2. Dose adjustment of cabozantinib (Cabometyx) is not recommended for patients with mild hepatic dysfunction. The dose should be reduced
in patients with moderate hepatic dysfunction. For Cabometyx, the dose should be reduced to 40 mg once daily. The drug has not been studied in the setting of severe hepatic impairment, and for this reason,
cabozantinib is not recommended in this setting. The dose of cabozantinib (Cometriq) should be reduced to 80 mg daily for patients with mild or moderate hepatic dysfunction. The drug should not be given in the setting of severe hepatic impairment.
3. Dose adjustment of cabozantinib (Cabometyx and Cometriq) is not recommended for patients with mild or moderate renal dysfunction. The drug has not been studied in the setting of severe renal impairment, and for this reason, cabozantinib is not recommended in this setting.
4. Monitor for new GI signs and symptoms, as GI perforations and fistulas can occur. This is a black-box warning.
5. Monitor blood pressure closely while on therapy. Use with caution in patients with uncontrolled hypertension.
6. Monitor patients for signs and symptoms of bleeding, as severe, sometimes fatal hemorrhage can occur. Do not use in patients with a recent history of hemorrhage or hemoptysis. This is a black-box warning.
7. Cabozantinib therapy should be discontinued in patients who develop arterial thromboembolic events, including myocardial infarction (MI) and cerebrovascular accident (CVA).

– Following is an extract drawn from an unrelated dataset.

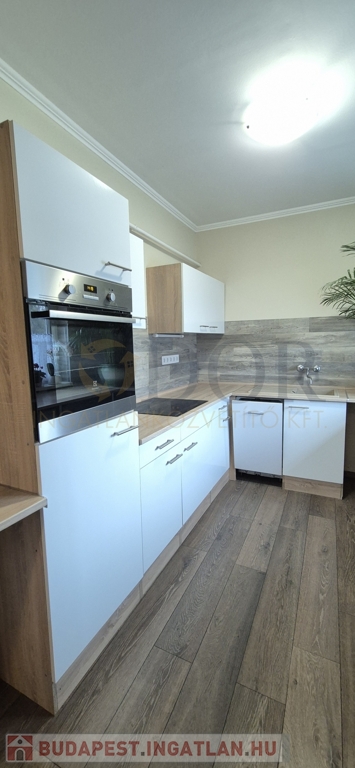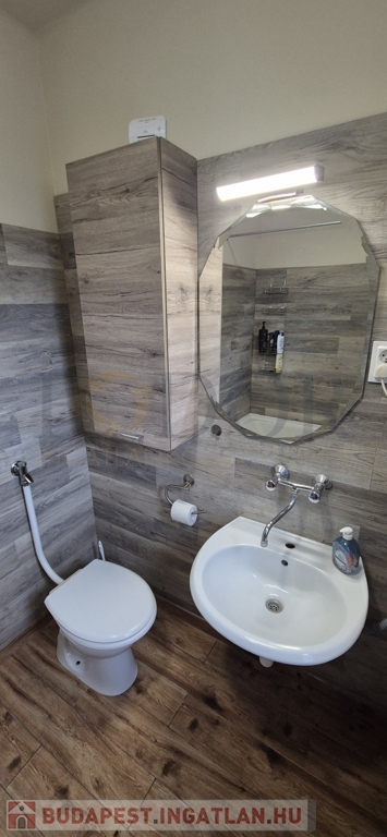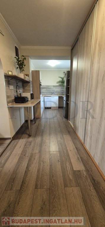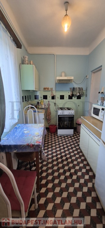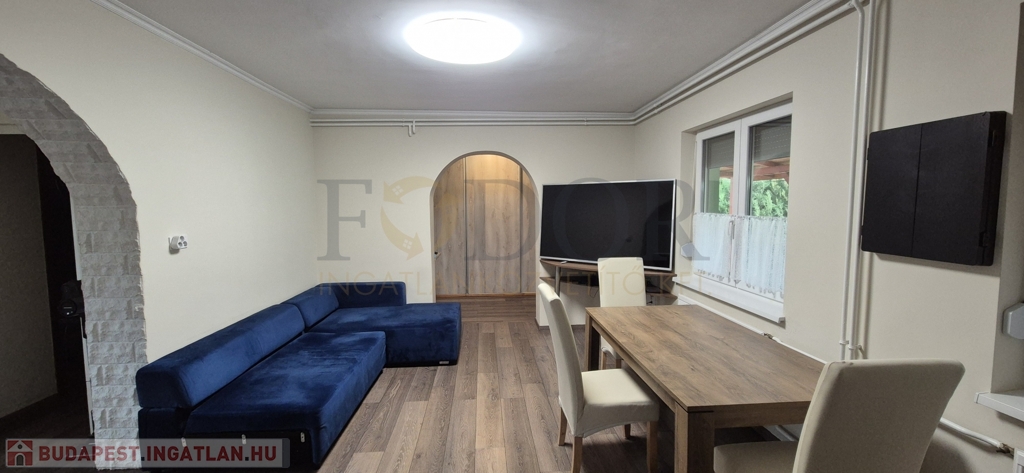 A kisebb, 53 m²-es lakrész felújítandó, így új tulajdonosa saját ízlésére formálhatja. Elrendezése praktikus: előszoba, konyha, kamra, fürdőszoba, külön WC, két szoba, és egy 19m2 terasz áll rendelkezésre.

8. Routinely monitor urinary protein levels by urine dipstick analysis. Therapy should be discontinued for patients who develop nephrotic syndrome.
9. An oral examination should be performed prior to initiation of therapy and periodically while on therapy. Patients should be advised to practice good oral hygiene. Cabozantinib should be held for at least 28 days prior to any invasive dental procedure.
10. Dose modification is recommended in patients who experience the hand-foot syndrome.
11. Cabozantinib therapy should be discontinued in patients who develop the neurologic RPLS syndrome.
12. Cabozantinib tablets can NOT be substituted with cabozantinib capsules.
13. Pregnancy category D. Breastfeeding should be avoided.
TOXICITY 1
Mild-to-moderate skin reactions with rash, dry skin, alopecia, erythema, changes in hair color, and hyperkeratosis. Hand-foot syndrome occurs in up to 50% of patients, with grade 3/4 severity in 15% of patients.
TOXICITY 2
Diarrhea, nausea/vomiting, and mucositis are the most common GI side effects.
TOXICITY 3
Fatigue and asthenia.
TOXICITY 4
Hypertension.
TOXICITY 5
Bleeding complications, which in some cases can be fatal.
TOXICITY 6
Osteonecrosis of the jaw, presenting as jaw pain, osteomyelitis, osteitis, bone erosion, and toothache.
TOXICITY 7
Proteinuria.
TOXICITY 8
RPLS with seizures, headache, visual disturbances, confusion, or altered mental function.
TOXICITY 9
Hepatotoxicity with elevations in SGOT, SGPT, and alkaline phosphatase.